Nuclear Monitor Issue: 
Patricia Lorenz, FoEE/Global 2000

The stress tests for European Union (EU) nuclear power plants were suggested by the Austrian Minster for the Environment right after the Fukushima disaster, without concrete ideas how they should be performed. The idea was quickly adopted by Brussels and hijacked by the nuclear establishment, namely WENRA. Stress tests are defined as: "Reassessment of safety margins of nuclear power plants in the light of the events at Fukushima: extreme natural events challenging the plant safety functions and leading to severe accidents.”

The Western European Nuclear Regulators' Association (WENRA) outlined a proposal, which was put up for public commenting until May 5. Slightly more resistance than expected became visible in the run-up to agreeing on the WENRA stress test outline by EU member states: ENSREG, created in 2007, the until this point hardly known Group nuclear regulators (European Nuclear Safety Regulators Group) represents also the non-nuclear EU-27 countries.

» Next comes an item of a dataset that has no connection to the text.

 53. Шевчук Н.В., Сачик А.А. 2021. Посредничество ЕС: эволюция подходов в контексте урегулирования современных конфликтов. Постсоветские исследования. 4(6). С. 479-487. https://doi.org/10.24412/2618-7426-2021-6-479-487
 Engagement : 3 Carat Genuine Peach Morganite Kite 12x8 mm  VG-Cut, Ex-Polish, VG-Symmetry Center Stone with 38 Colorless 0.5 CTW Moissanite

In ENSREG, some countries, mainly Austria and Germany, did not accept the WENRA suggestions and asked for much more stringent testing - with out-spoken support by EU Commissioner Oettinger, wanted more stringent stress test. However, the operator countries tried to stay in the usual routine of testing– under the political leadership of UK and France.

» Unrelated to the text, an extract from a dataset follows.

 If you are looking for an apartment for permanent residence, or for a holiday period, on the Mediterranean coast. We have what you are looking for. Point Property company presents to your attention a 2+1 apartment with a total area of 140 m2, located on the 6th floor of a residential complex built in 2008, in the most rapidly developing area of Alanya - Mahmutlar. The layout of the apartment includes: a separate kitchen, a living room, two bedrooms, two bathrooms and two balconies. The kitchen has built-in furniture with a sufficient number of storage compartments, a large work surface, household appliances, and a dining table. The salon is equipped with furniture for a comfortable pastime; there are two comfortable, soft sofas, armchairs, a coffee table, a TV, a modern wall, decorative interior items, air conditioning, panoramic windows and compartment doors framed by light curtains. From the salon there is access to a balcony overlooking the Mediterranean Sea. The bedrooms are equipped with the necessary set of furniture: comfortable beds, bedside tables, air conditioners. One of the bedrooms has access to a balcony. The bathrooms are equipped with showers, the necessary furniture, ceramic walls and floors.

Negotiations were really tough, especially the EU Commission warned that negotiations might break down and no stress test and nothing similar would be achieved. The compromise was presented on May 25. (see box: EC-Memo)

Yes:  plane crash will be included in the tests – but only in an implicit manner

No: Terror is not a task of majority of ENSREG regulators, therefore terror attacks cannot be included. This matter will be discussed with the Council to determine who is responsible (intelligence, police etc.).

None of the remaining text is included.